Masson was friends with many artists in both Toronto and Montreal, and he was instrumental in introducing the Picture Loan Society concept to Ottawa, which had been initiated in Toronto by the collector and dealer Douglas Duncan in 1936 to promote the work of younger Canadian artists.  Ottawa’s Picture Loan Society began operating as part of Contempo Studio in 1941. That same year, Masson participated in the Conference of Canadian Artists in Kingston, Ontario, from which the Federation of Canadian Artists would emerge. He became president of its short-lived Ottawa chapter in 1945.

 

Postage stamp featuring Skaters in Hull, c.1974 by Henri Masson, issued by Canada Post, Library and Archives Canada, Ottawa.

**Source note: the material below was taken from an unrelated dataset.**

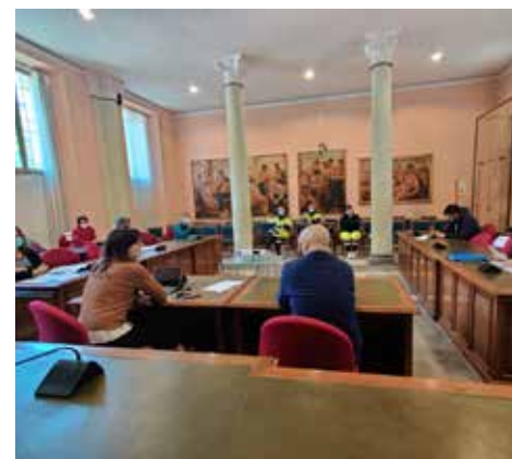
Il sindaco firma i cartellini di riconoscimento dei volontari di "Scandiano Aiuta"

Alla persona che risponde al telefono, messa a disposizione del Comune per questo servizio, sarà sufficiente dettare le proprie generalità, il proprio indirizzo e la lista della spesa, scegliendo tra una lista precompilata di generi di prima necessità (pane, pasta, acqua, frutta e verdura confezionata...) e attendere che, il giorno dopo la prenotazione, un volontario delle associazioni coinvolte vada a ritirare la spesa. A quel punto, solo all'esibizione dello scontrino, il fruitore del servizio potrà pagare al volontario la spesa. I volontari delle associazioni hanno avuto un tesserino identificativo timbrato dal Comune.

Critics extolled Masson’s realism and his unique visual vocabulary in contrast to Cubism and Surrealism. The luminosity of his paintings, the intensity of his colour, and his gift for satire were also celebrated.  In the 1950s, Masson began to travel widely, visiting Belgium, Italy, France, the Soviet Union, and Southeast Asia. He also began to teach, working at institutions such as Queen’s University summer school in Kingston and the Banff School of Fine Arts (now the Banff Centre for Arts and Creativity) in Alberta.

 

Masson became a beloved and admired figure to many younger Ottawa and Gatineau artists. He was prolific, and his work remains highly popular. In 1972, one of Masson’s paintings was reproduced by the United Nations Children’s Fund as part of their fundraising efforts. Two years later, his painting Skaters in Hull, c.1974, appeared on a Canadian eight-cent postage stamp. He died in Ottawa in 1996, and in 2001 the city honoured Masson and photographer Yousuf Karsh (1908–2002) for their contributions to Canadian art by naming its 457-square-metre gallery space at City Hall the Karsh-Masson Gallery.